Priority date: 1994-11-28
Filing date: 1995-10-18
Publication date: 1996-06-06
Also published as: TW301027B

Abstract

A method and apparatus provides an integrated circuit device that allows for a high field threshold voltage by minimizing the parasitic transistors located therein. The integrated circuit includes a well region, a source/drain region, a nitride layer and a first oxide layer coupled to the well region. The system masks and etches a nitride layer and then provides a field implant region in the well area. Thereafter, it etches the nitride again where the field implant region is moved away from the source/drain region.

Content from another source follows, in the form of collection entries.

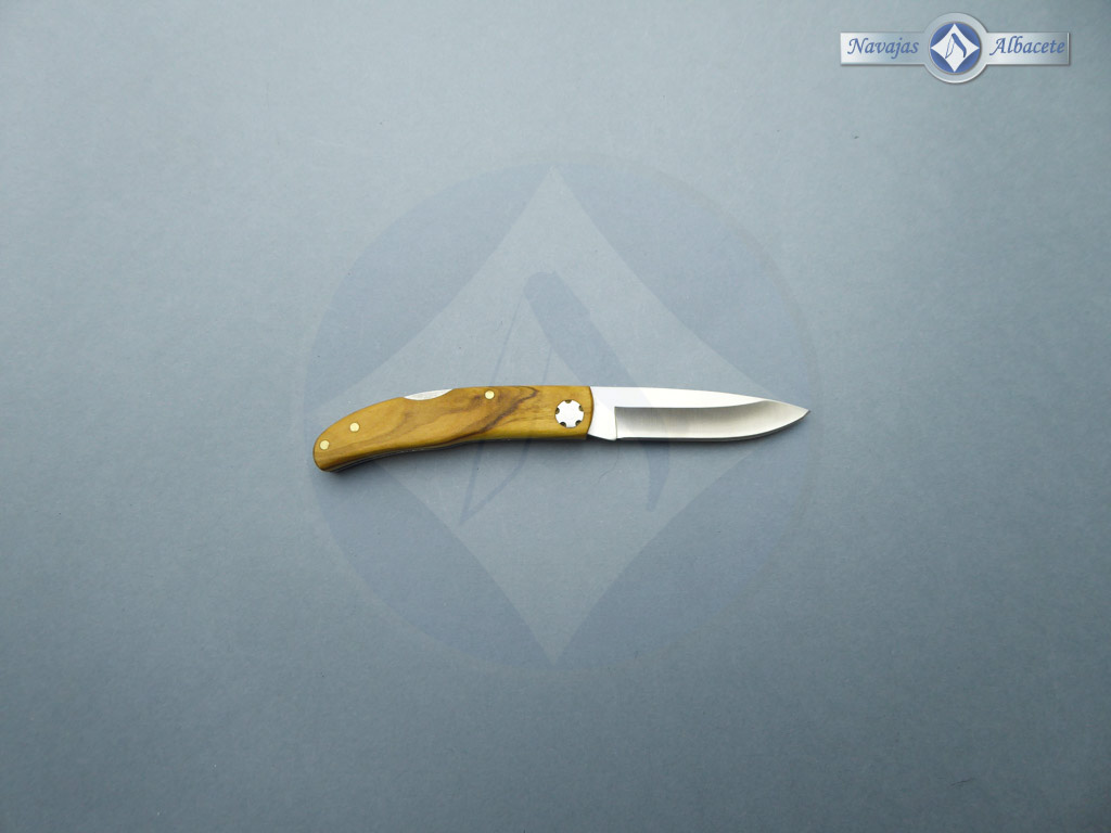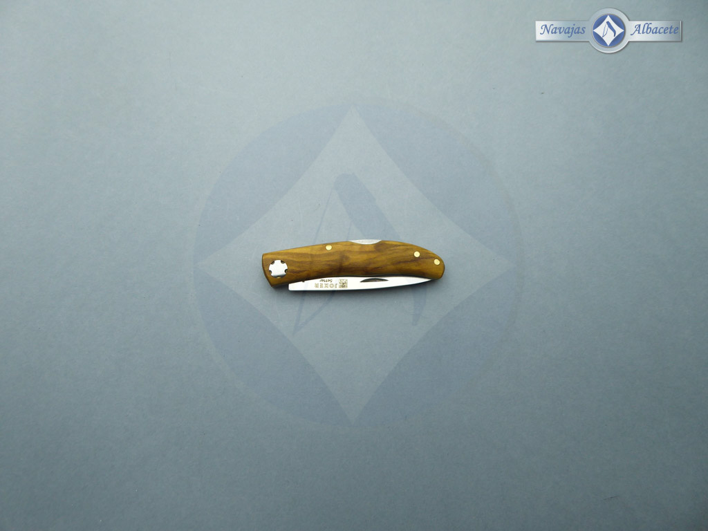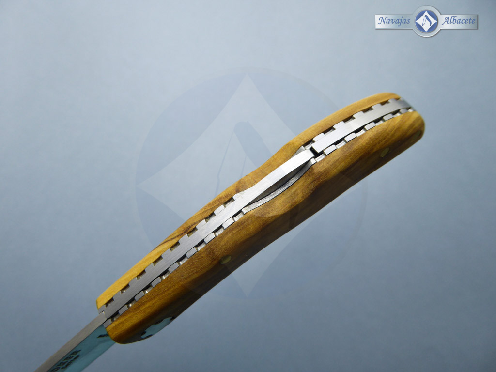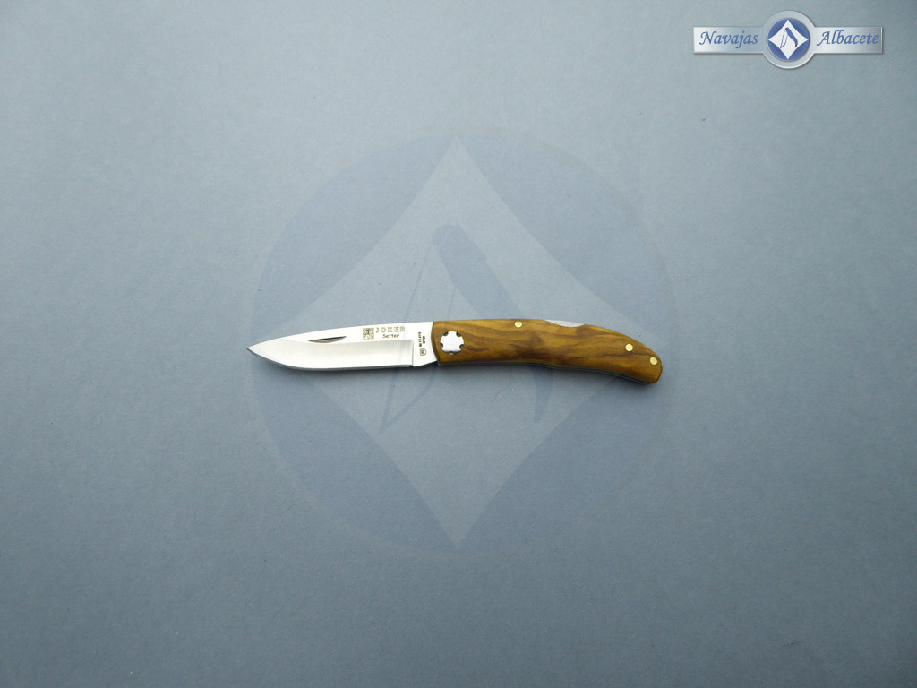 Descripción: Navaja artesana «Setter», tamaño bolsillo, con mango en madera de olivo. Hoja de acero inoxidable molibdeno vanadio con uña para su fácil extracción. Lomo dentado. Bloqueo de seguridad Back Lock.
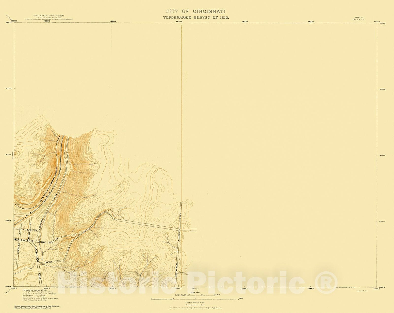 • .Historic Nautical Map - City Of Cincinnati, Sheet 1, 1912 NOAA Topographic - Vintage Wall Art
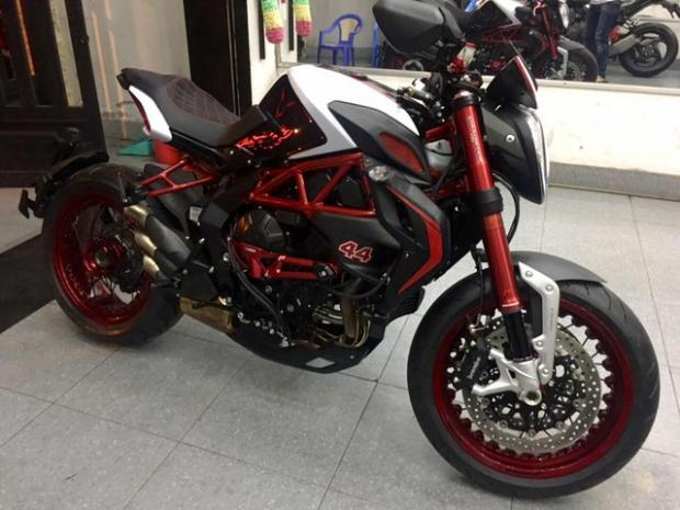 Hiện chưa rõ mức giá dành cho siêu mô tô hàng hiếm tại thị trường Việt Nam, trong đó mức giá xuất xưởng dành cho mẫu xe này vào khoảng 35.000 USD. Được biết chiếc MV Agusta Dragster RR phiên bản Lewis Hamilton này do một biker đến từ Vũng Tàu đặt hàng. Đây cũng là chiếc xe độc nhất Việt Nam tính đến thời điểm này. Ảnh: Nguyễn Đức.
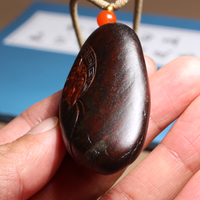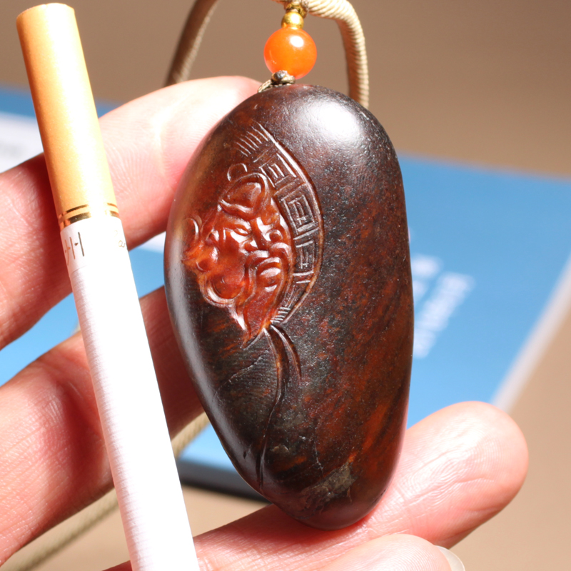 方言和田玉精品特色新疆老熟红沁皮红玉籽料巧雕关公吊坠挂件A1
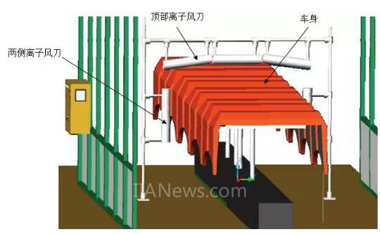 車身在經(jīng)過(guò)風(fēng)刀時(shí),左右兩側(cè)的風(fēng)刀完成車身兩側(cè)的除靜電工作,而可上下移動(dòng)的頂部風(fēng)刀完成車頂及前后蓋的除靜電工作。在車行進(jìn)的過(guò)程中頂部風(fēng)刀隨時(shí)根據(jù)車體各部分高度調(diào)整自身的高度和出風(fēng)角度,完美解決了車身各部分不同高度除靜電的問題,同時(shí)還可適應(yīng)多種車型,保證各種車型最理想的除靜電和去灰塵效果。圖1-2為離子風(fēng)刀工作示意圖:
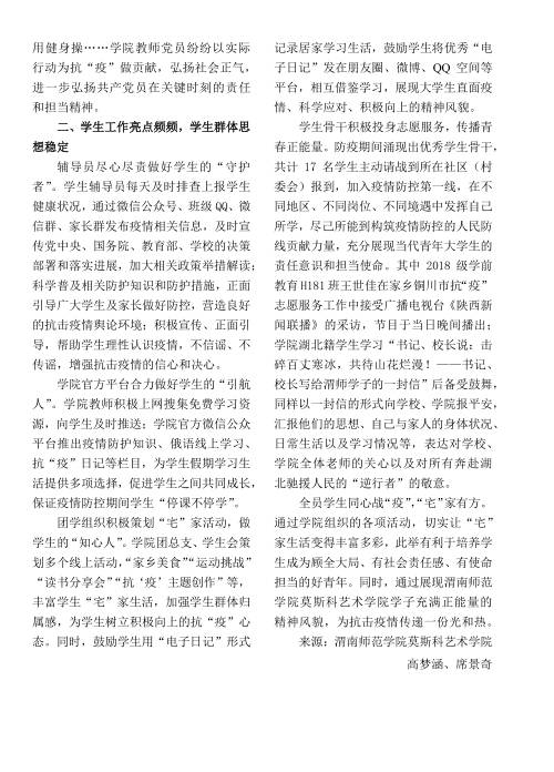 文章总结了抗击新冠疫情期间Bsports必一体育的抗疫举措以及富有特色的抗疫事例。抗疫期间,公司党总支紧紧围绕 “坚持党建引领,争当时代先锋,促进中外合作,提高教育质量”的工作思路,继续带头做好公司师生思想意识形态工作,树立坚决抗“疫”,师生齐心抗“疫”的信心。公司党员教师发挥专业特长,以“歌、舞、画、操”为媒介,勇做正能量的传播者,为正向宣传贡献自己的一分力量;员工工作亮点频频,团学组织策划系列“宅”活动、开创居家学习生活日记、“宅家”俄语学习计划等特色栏目,优秀员工志愿者主动请战,加入疫情防控第一线,尽己所能到构筑疫情防控的人民防线贡献力量。
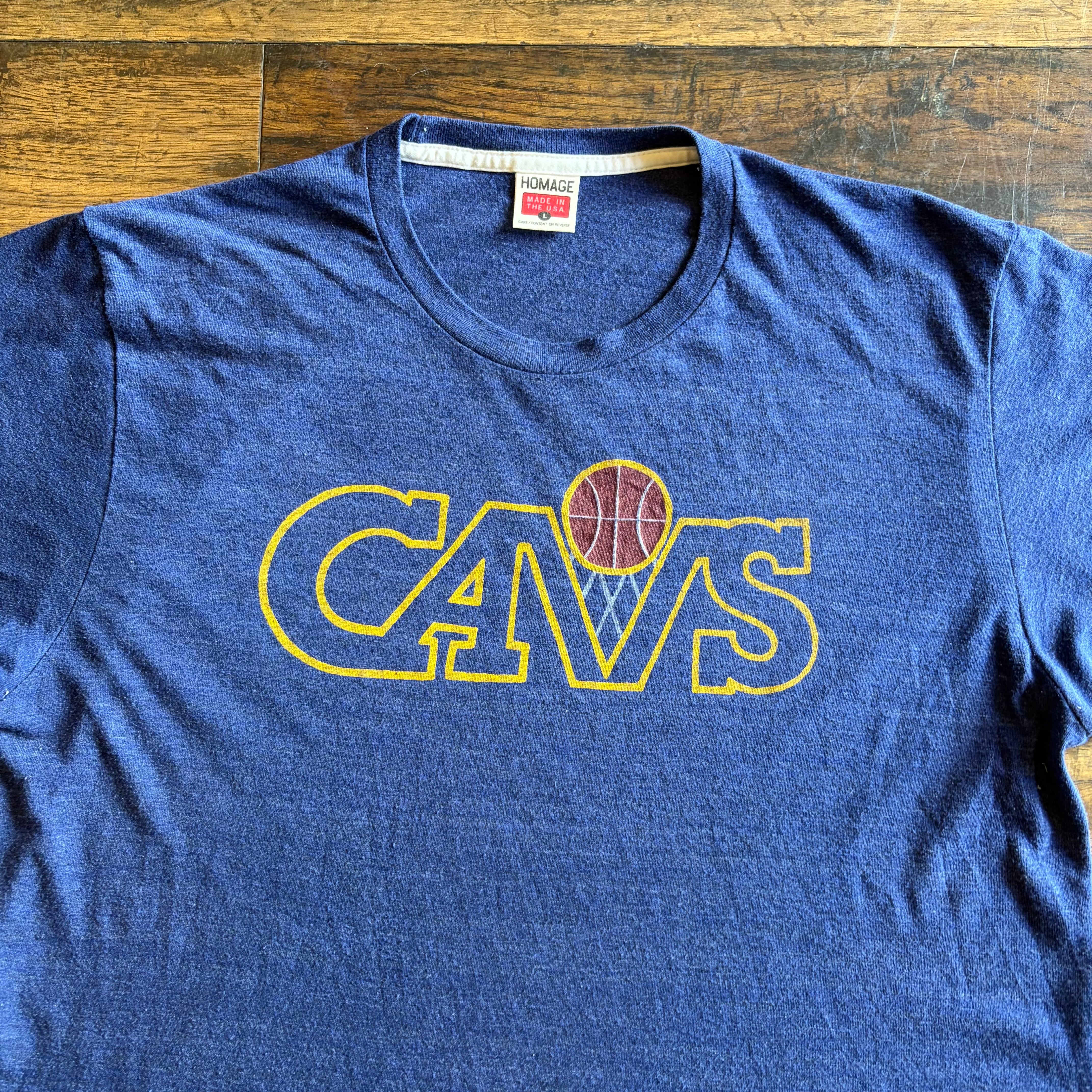 CAVSはNBAのCleveland Cavaliersを指す表記で、バスケットボールカルチャーをストレートに感じられるモチーフです。HOMAGEらしい柔らかい混紡ボディに、あえて少し着古したような雰囲気を持たせたプリントデザインで、ラフに一枚で着ても雰囲気の出る仕上がりです。シングルステッチ仕様なのもポイントです。
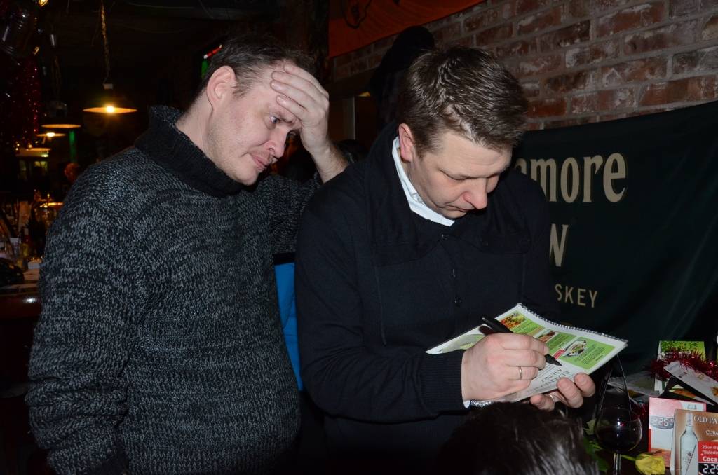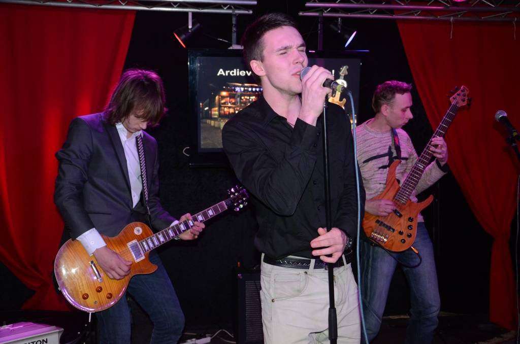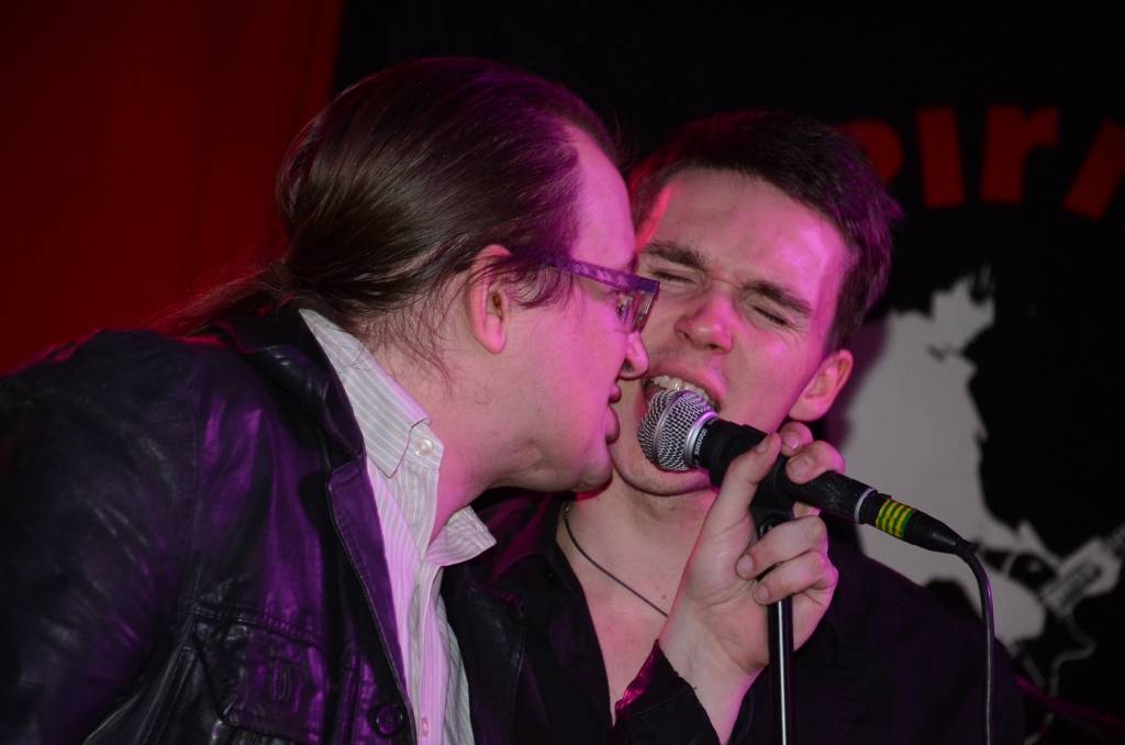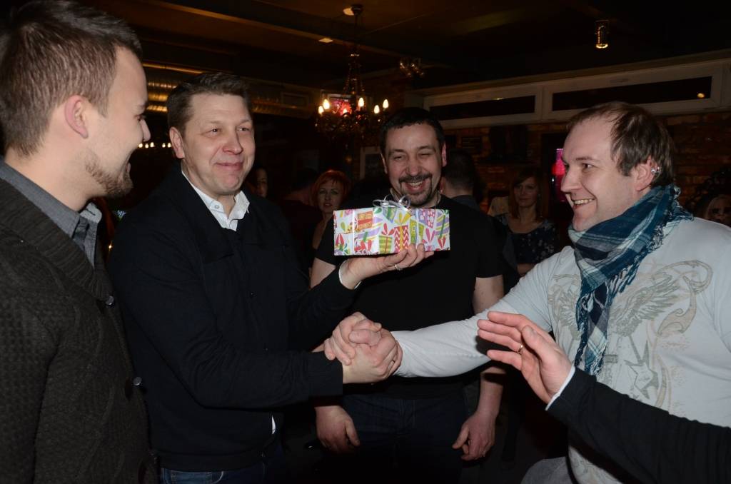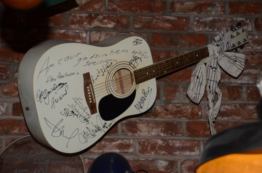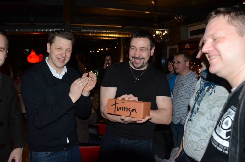 Grupas "Tumsa" mūziķi rokkafejnīcas īpašniekiem brāļiem Raivo un Marekam Mediņiem dāvāja ķieģeli - ar domu, lai būtu pamatakmens, kad brāļi Liepājā uzsāks nākamo biznesu.

In so doing, the field implant region is spaced away from the source/drain region of the device and therefore the breakdown voltage of the device is effectively increased.

Description

A METHOD AND SYSTEM POR PROVIDING AM INTEGRATED CIRCUIT DEVICE THAT ALLOWS FOR A HIGH FIELD THRESHOLD VOLTAGE UTILIZING RESI8T PULLBACK OF THE FIELD IMPLANT REGION

FIELD OF THE INVENTION

The present invention is directed toward an improvement in an integrated circuit device and more particularly to an integrated circuit device which provides for high field threshold voltage for programming.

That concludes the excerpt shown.